Une preuve de plus que ce soir, j'ai fait du grand n'importe quoi...

Je m'approche de mon lit sur la pointe des pieds, comptant sur ma mémoire pour ne pas rentrer dans quoi que ce soit, et tâtonne pour trouver mon pyjama. Alors qu'enfin, ayant mis la main dessus, je rebrousse chemin vers le couloir pour aller me changer au bloc sanitaire, une voix ensommeillée retentit dans mon dos :

— Alors, c'est à cette heure-là qu'on rentre ?

— Andreas a proposé à tout le monde d'aller boire un verre après la table ronde, je réponds d'un ton que j'essaye de garder aussi léger que possible. Tu devrais être contente, toi qui me pousses toujours à sortir !

— Hm hm.

Je bats en retraite, attrapant ma trousse de toilette au passage, et reviens dans la chambre quelques minutes plus tard une fois changée. Je me glisse sous ma couette et m'allonge, le regard tourné vers le plafond. Vu l'heure tardive, j'aimerais m'endormir rapidement, histoire de récupérer au moins un peu avant ma journée de demain. Mais mon cerveau en a décidé autrement. Des flashs du baiser que j'ai échangé avec Caliban s'invitent sous mes paupières.
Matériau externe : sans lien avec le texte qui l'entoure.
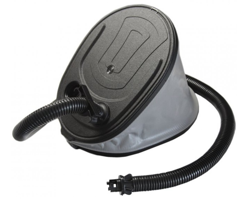Насос-лягушка является одним из самых распространенных, что обусловлено его низкой стоимостью и практичностью. Шланг насоса подсоединяется к клапану лодки, после чего необходимо произвести ритмичные движения ногой, пока изделие не наполнится воздухом.

J'ai toujours les idées en vrac à cause de ce qui s'est passé. Pourquoi est-ce que nous nous sommes embrassés, d'abord ? On passait un bon moment à discuter, mais je n'avais pas conscience que je pouvais désirer... plus. Qu'est-ce que cela veut dire de moi ? Qu'est-ce que cela signifie pour la suite ? Est-ce que j'ai apprécié ce moment ? Je voudrais me dire que non, que c'était une erreur et que je la regrette déjà, mais mon inconscient n'a pas l'air d'accord : lui, il s'efforce de me rappeler à quel point les lèvres de Caliban étaient chaudes contre les miennes, à quel point les muscles de ses épaules et de sa nuque que j'ai effleurés étaient fermes...

Les minutes passent, les unes après les autres. Mon esprit ne semble pas vouloir s'apaiser. Les questionnements bouillonnent en moi, si bien que j'ai du mal à les contenir. Et finalement, je murmure dans le silence de la chambre :

— Charlotte ? Tu dors ?

Un grognement vaguement négatif me répond.

— Il s'est passé quelque chose ce soir, j'ajoute.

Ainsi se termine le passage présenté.